Why Both PNG and GIF?
I generate seperate images and css files for both PNG and GIF for two reasons:
- It's not obvious (or well-documented) how to get PIL to create a transparent GIF from scratch, so I wanted to give a concrete example of that.
- My site actually uses conditional comments to use GIF for IE6, and PNG for everyone else, to work around the well-known IE6 bug.
How Does the Script Work?
Three words: Python Image Library.
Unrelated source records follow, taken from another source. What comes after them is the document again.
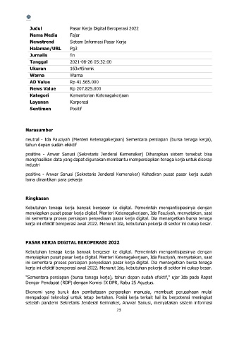 positive - Anwar Sanusi (Sekretaris Jenderal Kemenaker) Diharapkan sistem tersebut bisa
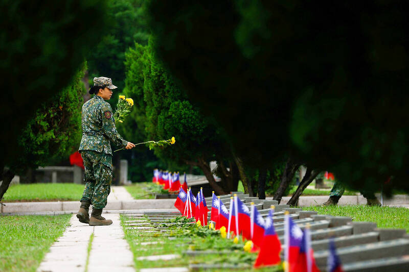 A powerful defense is needed to maintain peace, President Tsai Ing-wen (蔡英文) said yesterday as she led her final remembrance service as Taiwan’s commander in chief for those killed during the 1958 defense of Kinmen County against a Chinese People’s Liberation Army (PLA) invasion.
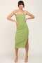 Light Olive Ribbed Knit Side Slit Maternity Midi Dress
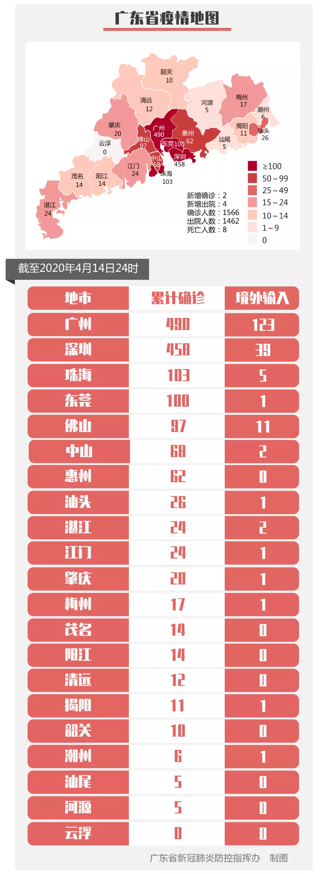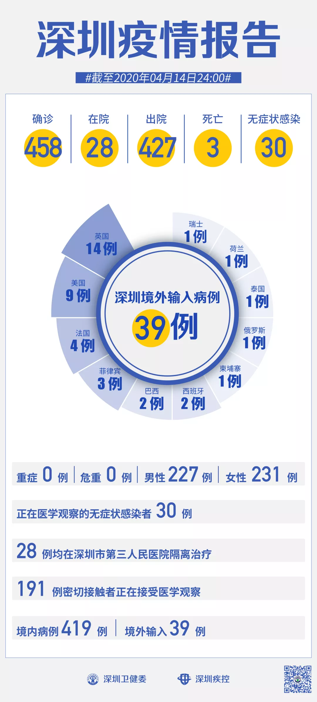 截至4月14日24時,深圳累計報告新冠肺炎病例458例。4月14日當天新增出院3例。

I use PIL to open each icon, paste them onto the master at increasing offset, and write out the master image in both formats.
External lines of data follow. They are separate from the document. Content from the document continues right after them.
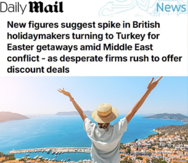 İngiliz gazetesi Daily Mail'e göre, İngiliz tatilciler sadece 15 pounda (884 lira) uçak bileti veya 200 pounda (11 bin 796 lira) paket olarak tatil satın alabiliyorlar.
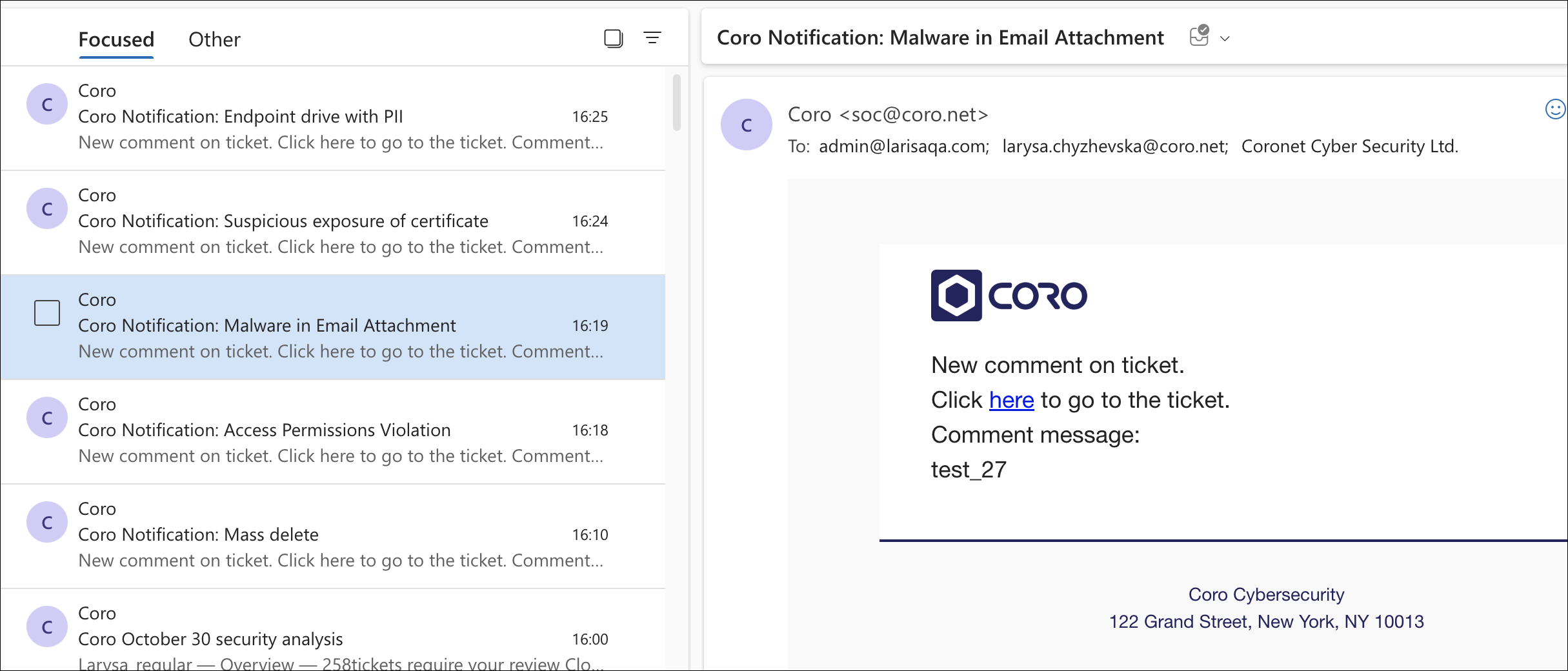 SOC team members can reply to this email and continue the ticket related communication:
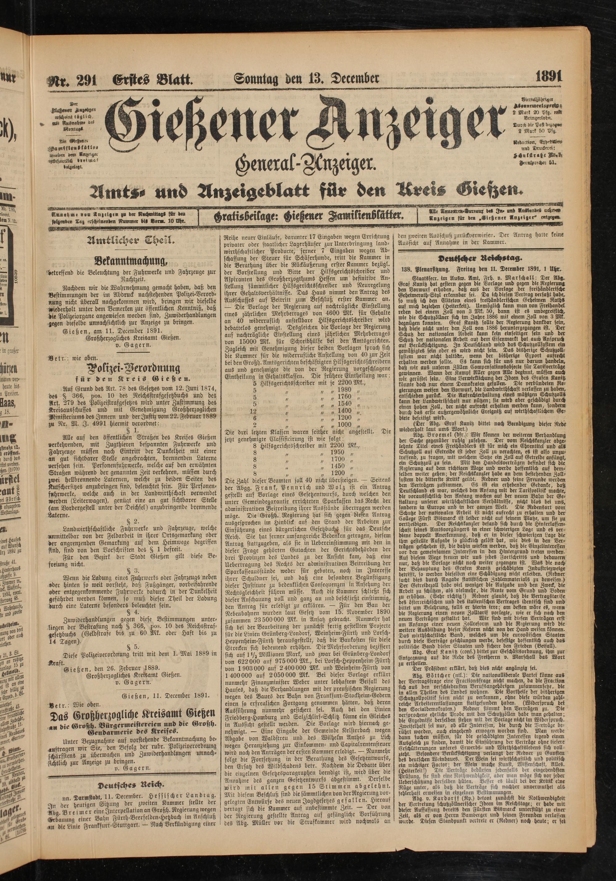 M. 2S1 Erstes Blatt. Sonntag den 13. December 1891

I start by parsing icon_map.txt into an array of pairs:
iconMapFile = open('icon_map.txt')
iconMap = sorted(
line.rstrip().split(':')
for line in iconMapFile.readlines()
if line.rstrip()
)
iconMapFile.close()
Then I load all the icons:
images = [Image.open(filename) for cssClass, filename in iconMap]
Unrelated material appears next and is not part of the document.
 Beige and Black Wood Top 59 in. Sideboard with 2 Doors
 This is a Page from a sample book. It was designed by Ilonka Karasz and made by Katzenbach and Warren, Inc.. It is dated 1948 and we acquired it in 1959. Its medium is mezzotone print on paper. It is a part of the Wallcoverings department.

Since the images should all be the same size, I figure out the icon size from the first one and compute the correct size for the master:
image_width, image_height = images[0].size
master_width = image_width
master_height = (image_height * len(images) * 2) - image_height
A new image is created for the master:
master = Image.new(
mode='RGBA',
size=(master_width, master_height),
color=(0,0,0,0)) # fully transparent
And each icon is pasted on at its offset:
for count, image in enumerate(images):
location = image_height*count*2
master.paste(image,(0,location))
Then I save the master in both formats:
master.save('master.gif', transparency=0 )
master.save('master.png')
That's it for the sprite sheet; next I generate the css files. There's a basic pattern each CSS rule will follow:
cssTemplate = '''li.%s {
background-image:url(/static/icons/master.%s);
background-position: 6px %dpx;
}
'''
And then making the CSS files is easy:
for format in ['png','gif']:
iconCssFile = open('icons_%s.css' % format ,'w')
for count, pair in enumerate(iconMap):
cssClass, filename = pair
location = image_height*count*2
iconCssFile.write(cssTemplate % (cssClass, format, 4-location))
iconCssFile.close()
Hacking the Script
The script isn't exactly flexible, is it? All the file names and such are hard coded. But since it's just a very short Python script, it's easier to just modify the script then it is to figure out how to configure it. There's no real substance to it: all the real work is done by PIL, so this will best serve as example of how to use that excellent library. It has a creative commons license, so go wild.